While we’d love to get the whole plus-size community out from under that presumption, if a theme party is what it takes right now to have some fun with fashion, go for it! And if you can’t find one to hit with your bad, newly liberated self…why not throw one? Valentine’s Day is just around the corner; invite your 50 closest friends and require that everybody wear red. Then get creative!

Thanks to everyone who submitted photos this month! Our group is growing and we love seeing your faces over there. If  you haven’t joined already, get on over there.

And finally, congratulations to MidnighteSkye for winning this month’s photo challenge with her January 10 Photo of the Week, “Make a Statement.” Nice shot!
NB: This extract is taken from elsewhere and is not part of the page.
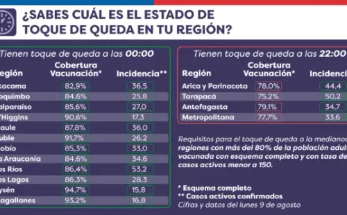 Son cuatro regiones del país las que aún tienen toque de queda desde las 22:00 PM: Arica y Parinacota, Tarapacá, Antofagasta y Metropolitana, las cuales cumplen solo con el indicador de incidencia, no así el de población vacunada.

Send your mailing address to letters@fatgirlsguidetoliving.com and we’ll send off your prize!

And thanks to everyone who’s participated in our photo challenges each month since we launched last summer. We’ll continue to do a Photo of the Week each Monday beginning this week (vs. Sunday), but we’ll no longer be choosing one monthly “winner” from those. We love all the photos you’re adding to our Flickr group, so keep ‘em coming!